Alternatively, you can run several steps sequentially with run_emp.py
:
--dataset_file
: path to dataset file.
--algo
: AMI algorithm.
--permuted_datasets_folder
: folder where permuted datasets reside.
--permuted_solutions_folder
: folder where permuted solutions reside.
--true_solutions_folder
: folder where true solutions reside.
--report_folder
: folder where analysis results reside.
--go_folder
: folder where GO files are located. This folder should contain the files "go.obo" GO term file, "gene2go" association file. The files for human are available at http://purl.obolibrary.org/obo/go/go-basic.obo
, https://ftp.ncbi.nlm.nih.gov/gene/DATA/gene2go.gz
.
--n_start
: starting positional index of permuted datasets/solutions.
--n_end
: ending positional index of permuted datasets/solutions.
--pf
: parallelization factor - number of cores EMP uses.
--network_file
: file of the biological network of the analysis. The file format should be *.sif with a single pair in each row. For example, see data/emp_test/networks/dip.sif
--override_permutations
: whether existing permutation with same positional index should be deleted.
--n_permutations
: file of the biological network according which the analysis is carried.
--n_total_samples
: enrichment score scores set size. This set is used to build the empirical distribution.
--n_dist_samples
: number of enrichment scores in the empirical distribution.
--additional_args
: additional arguments that are relevant to a particular AMI algorithm
--processes
: comman delimited list of processes that should be carried. names of processes are the same as its file name, excluding the file extension (.py) e.g "generate_permuted_datasets,generate_permuted_solution"
Parameters default values are defined at config/conf.json
{permuted_datasets_folder}/{dataset_name}_random_{positional_index}
: Random datasets' folder. This is the output of generate_permuted_datasets.py
script.
{permuted_solutions_folder}/sol_{algorithm}_{dataset_name}_random_{positional_index}
: Random solutions' folder. This is the output of generate_permuted_solutions.py
script.
{true_solution_folder}/{dataset_name}_{algorithm}
: True solutions' folder. This is the output of true_solution_folder.py
script.
{report_folder}/emp_diff_modules_{dataset_name}_{algorithm}.tsv
: aggregated scores file per GO term. This is the output of aggregare_bg_distribution.py
script.
{report_folder}/emp_diff_modules_{dataset_name}_{algorithm}_md.tsv
: matrix of metadata for each GO term. This is the output of add_go_metadata.py
script.
{report_folder}/emp_diff_modules_{dataset_name}_{algorithm}_passed_oob.tsv
: matrix of GO metadata + empirical p-value for each GO term. This is the final results of the pipeline. This is the output of calculate_significance.py
script.
fields of emp_diff_modules_...
matrices:
GO id
: GO term idGO name
: GO term namedist_n_samples
: List of GO terms' enrichment scores calculated on permuted datasetshg_pval
: list of enrichment scores of each module per GO term of the real solutionhg_pval_max
: Max GO terms' enrichment scores over the real solution's modulesn_genes
: number of genes under each GO term (or its descendants)passed_oob_permutation_test
: number of genes under each GO term (or its descendants)emp_pval
: list of empirical p-values of each module per GO term of the real solutionemp_pval_max
: number of genes under each GO term (or its descendants)is_emp_pval_max_significant
: boolean indicating whether the empirical p-value is significant (i.e. below 0.05 th)

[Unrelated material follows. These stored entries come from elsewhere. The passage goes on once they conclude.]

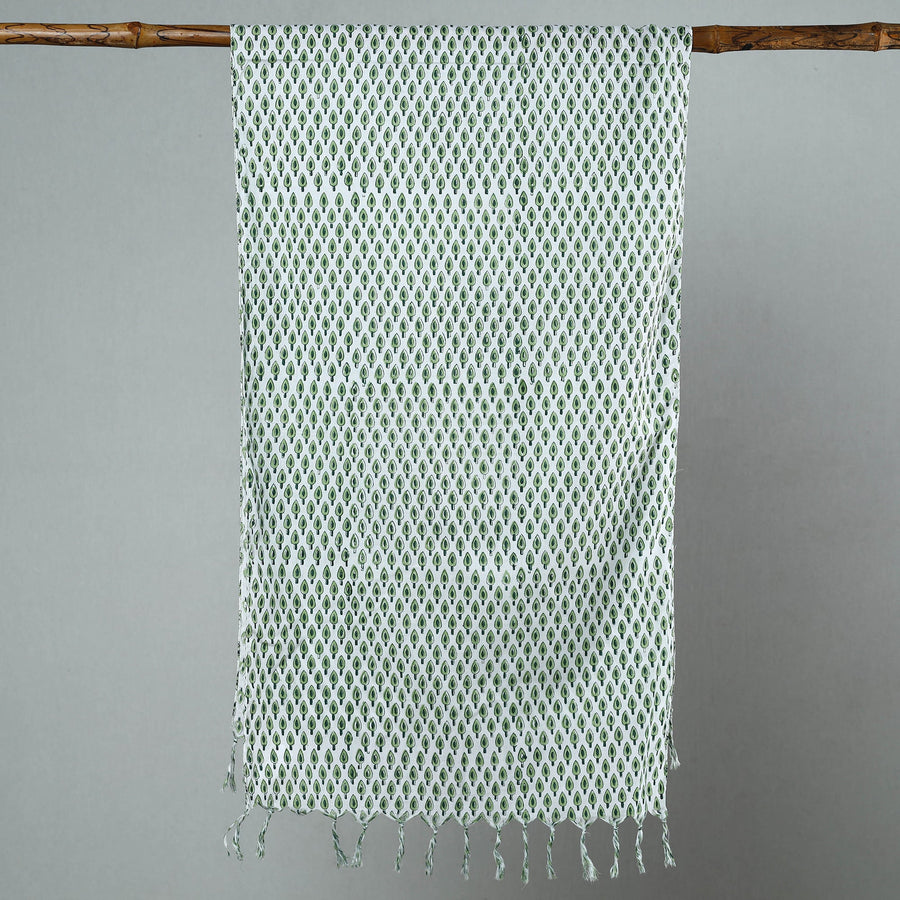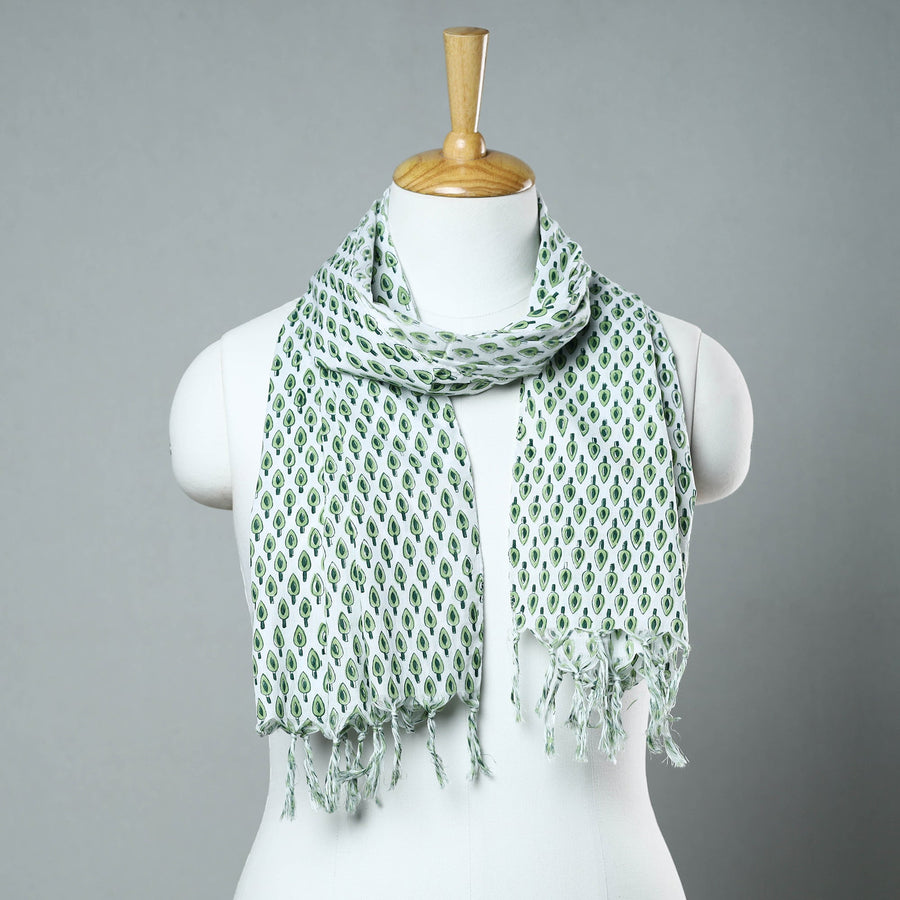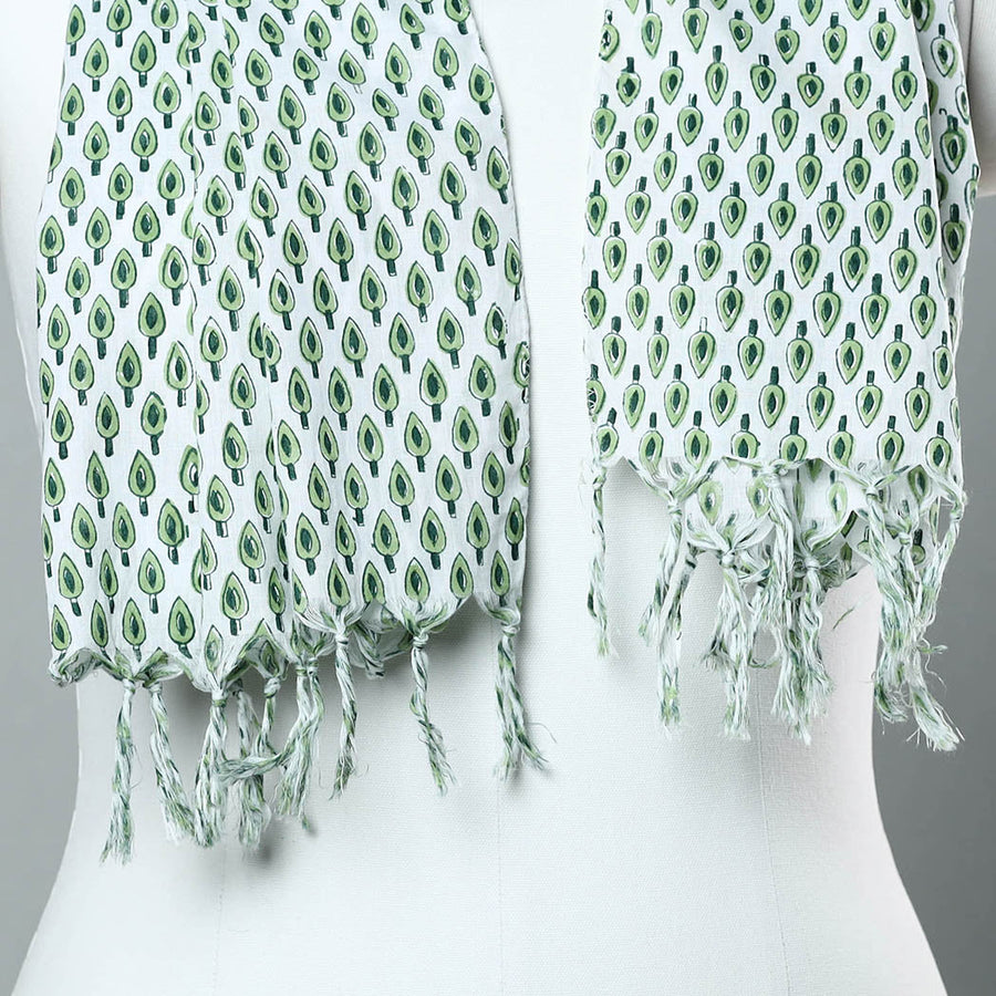 Fine quality delicate sanganeri block printed cotton stole with tassels. Made using VAT dyes, this stole features intricate floral patterns, also known as 'Buttas', which are exclusive to sanganeri prints. The elaborate detailing of the flowers and petals showcases the artistry of this hand-block printing technique originating from Sanganer, Rajasthan.
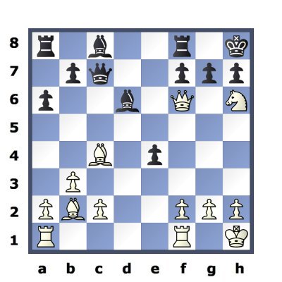 Black's Queen is undefended (a red light) and White came up with the brilliant move Bh7. Black's Queen is now under attack, but if she now saves herself either by retreating or by taking the White Queen, White has the stunning mate Bxh6 (diagram 2). Undefended Queens are a prime target.
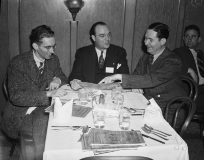 The Southwestern Exhibition and Fat Stock Show is getting a head start on publicity for the 1940 show with a Goodwill Tour. At the Durant, Oklahoma luncheon are left to right David MacDonald Junior, Berl E. Godfrey, and Glenn McDonald. Mr. MacDonald is a Durant, Oklahoma attorney. He is wearing a three piece tweed suit. Mr. Godfrey, is the Kiwanis Club past president. He is dressed in a three piece suit. Mr. McDonald is the manager of the Durant Chamber of Commerce. He is wearing double breasted pinstripe suit.
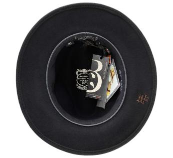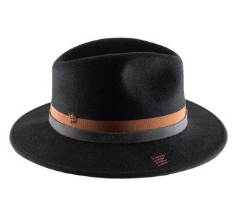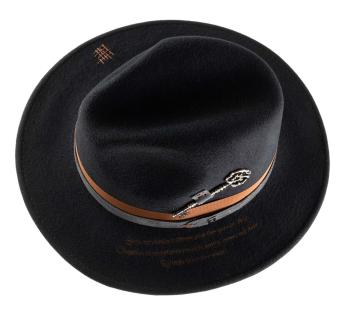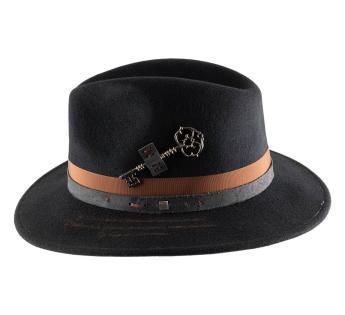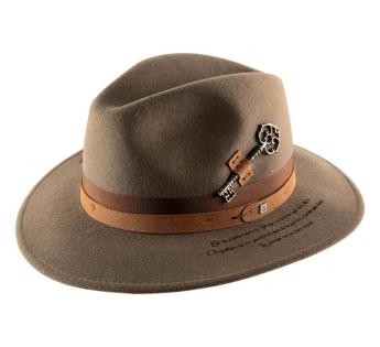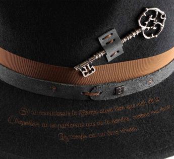 Entièrement façonné dans un feutre de laine dense et structuré, ce modèle revisite la forme classique du traveller à travers une esthétique symbolique inspirée de l’univers poétique de Lewis Carroll. Une clé ancienne, fixée en lieu et place de la plume traditionnelle, devient l’emblème du mystère du temps, un clin d’œil direct au Chapelier fou d’Alice.
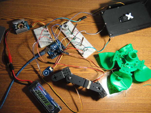 Aquí está un proyecto similar que hizo un buen trabajo en el que muestra el cableado de los foto resistores y servos:
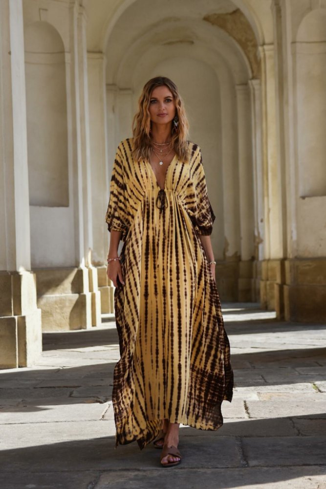 DLOUHÉ BOHO ŠATY PECA del SOL: dlouhé boho šaty z umělého hedvábí PECA del SOL letní šaty z velice příjemného materiálu jsou lehké, chladivé a splývavé výstřih do V s jemným řasením a zavazováním pod prsy - můžete si přizpůsobit rukávy jsou 3/4 a celkový volný střih šatů v univerzální velikosti zajišťuje maximální pohodlí i eleganci vzdušný materiál, který je perfektní do horkého počasí šaty mají ...
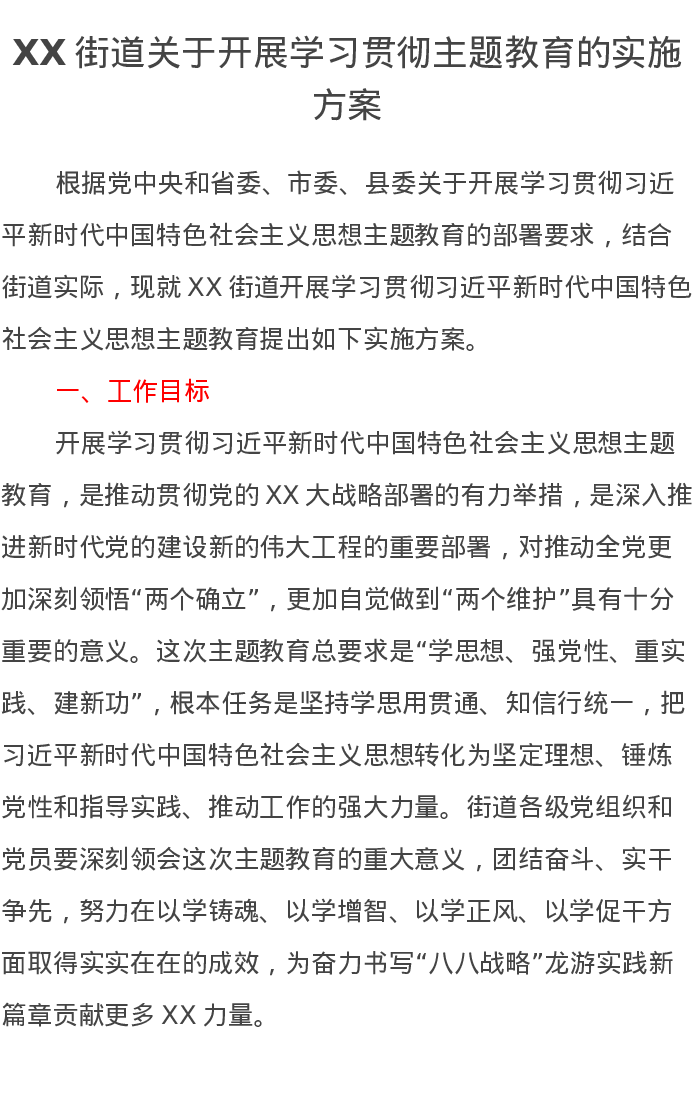XX街道关于开展学习贯彻第二批主题教育的实施方案(特色社会主义思想)
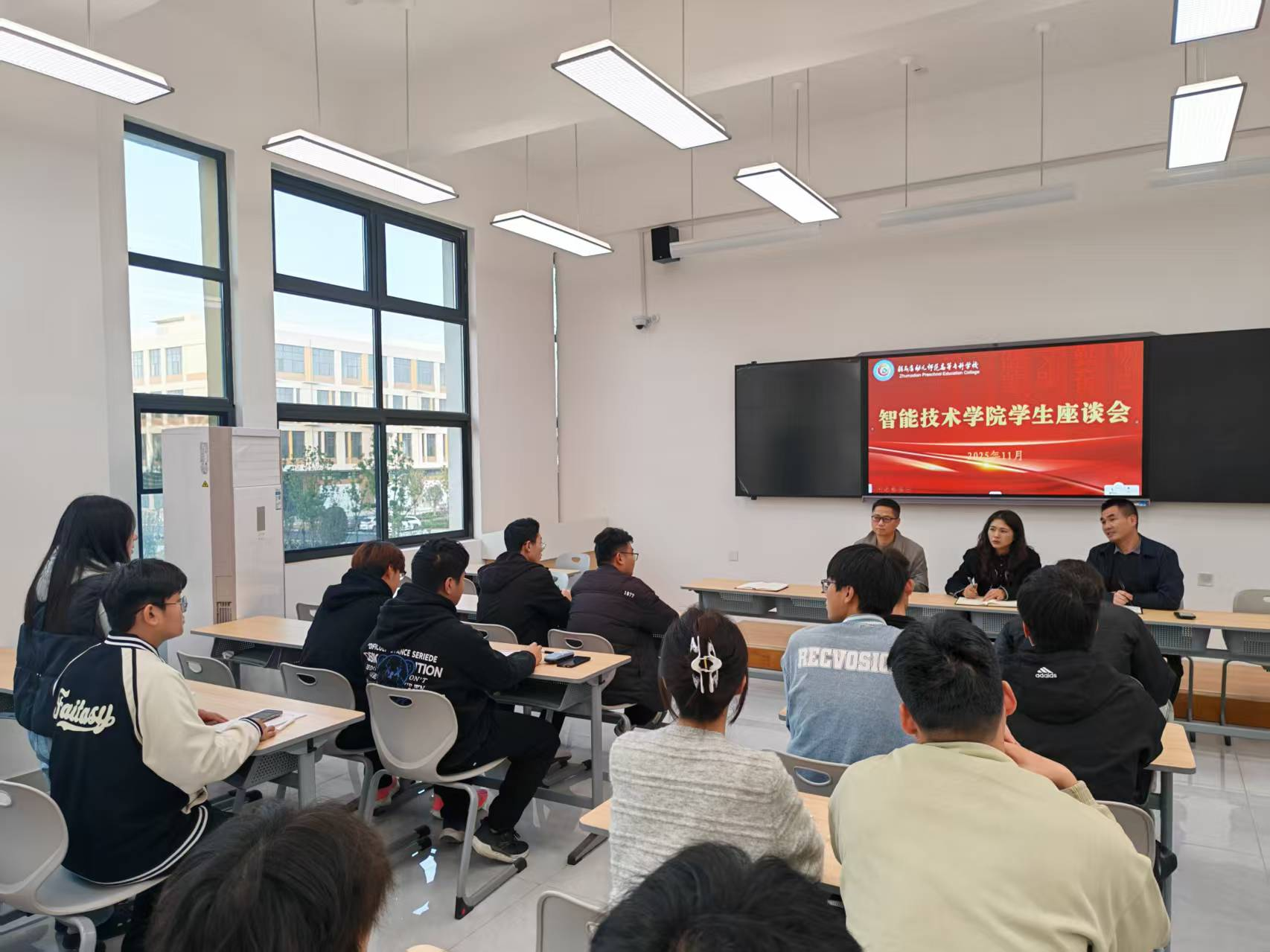 为进一步解决学生在学习与生活中的问题,营造更加优质、和谐的育人环境,智能技术学院于2025年11月4日召开2025级新生座谈会。本次座谈会由学院党总支副书记梅金星主持,党总支书记张静莉、副院长王新乔,以及学院学生工作科参加,与各个专业60余名学生代表进行面对面交流。
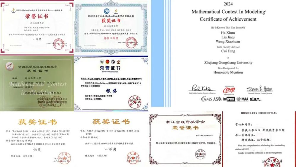 实践经历是贺心如大学成长中浓墨重彩的一笔,其中全国大学生数学建模竞赛的经历最令她印象深刻。陌生的模型、复杂的题目成为比赛中的常态,即便平时积累了不少算法和模型知识,仍需在短时间内快速学习新内容并落地应用;为设计模型、调试编程,她和团队常熬夜攻关,甚至连续几个通宵仍找不到最优解;成员间在方法选择、分析思路上的分歧,需要反复沟通协调、折中尝试;数据缺失、计算结果不合理的问题出现时,她也曾陷入自我怀疑。但这些困难并未让她退缩,反而让她学会了冷静拆解复杂问题,在团队协作中理解了互补与高效沟通的重要性,更在高压环境下练就了坚持与自我调节的能力。最终,他们的作品获得评审认可,这段经历也让她深刻体会到,真正的成长往往蕴藏于直面挑战、攻坚克难的过程之中。
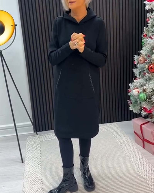 Einfarbiges Slim-Fit-Kleid mit Kapuze und Tasche
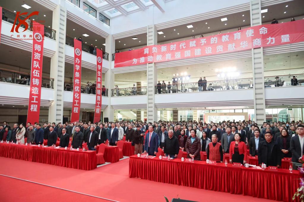 12月26日,威廉希尔迎来十八周年校庆。在此之际,学校迎二十周年校庆 迎本科合格评估暨学校高质量发展推进会在广州校区中央图书馆隆重举行,肇庆校区报告厅分会场同步进行。华商教育集团廖榕就董事长、陈练瑛董事、高级顾问胡军教授、威廉希尔原校长陈玉川教授、广东财经大学副校长邹新月教授、各兄弟院校代表、各威廉希尔代表及学校全体党政领导班子出席此次大会。学校全体中层干部、二级学院党团组织书记、教师代表、校友代表及学生代表共同见证了这一历史性时刻,全体师生员工3万余人线上同步观看。
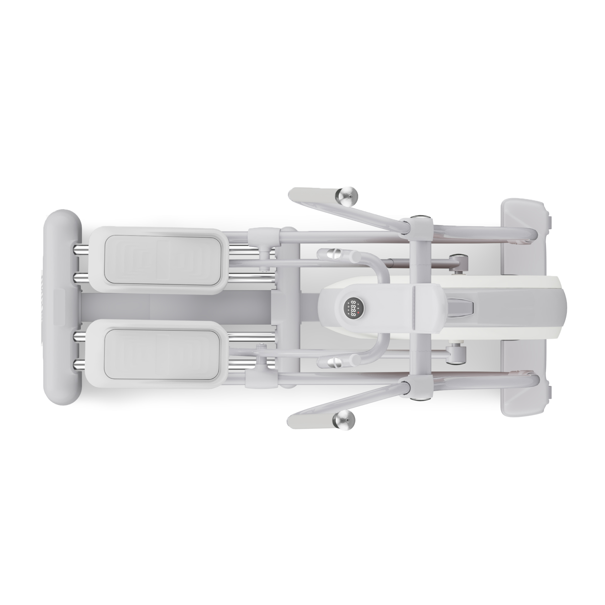 LED дисплей тренажера дает Вам необходимую информацию о прогрессе во время тренировки, так что Вы всегда будете контролировать время занятия, расстояние, скорость, калории, пульс, уровень нагрузки и количество оборотов в минуту. Частота сердечных сокращений измеряется с помощью датчиков, которые расположены на неподвижных ручках.
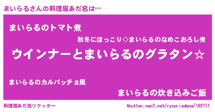 | 意味不明あだ名 | 『まいらるフォーエバー』『自称まいらる』 |
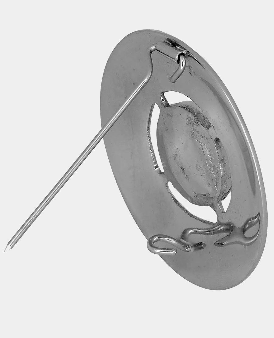 A plaid brooch is an essential element of Scottish highland dress. A plaid brooch is used to keep a Scottish fly plaid in place when it is customarily draped over a man's right shoulder. Fly plaid brooches are typically worn to more formal events such as weddings, funerals, christenings, or graduations. Plaid brooches are commonly available in silver or steel and often feature unique gemstones. Popular designs include Scotland's national flower, the thistle, as well as Celtic knots and crosses that represent deep Scottish traditions.

EMP is also available as ready-to-use tool in a container The container was generated and tested using udocker.It can also be loaded using Docker. To load the container using udocker, do the following steps:
- Install udocker
- Download the container from here
- Extract the tar file from the tar.gz file
- Load the tar file as a container by running
udocker import --tocontainer --clone --name=emp emp-ubuntu-18.tar
- Go inside the container by running
udocker run emp
- the EMP project resides under /sandbox/
- EMP can be executed as described above in this README.
- Advanced users can also be run EMP using /sandbox/main.sh.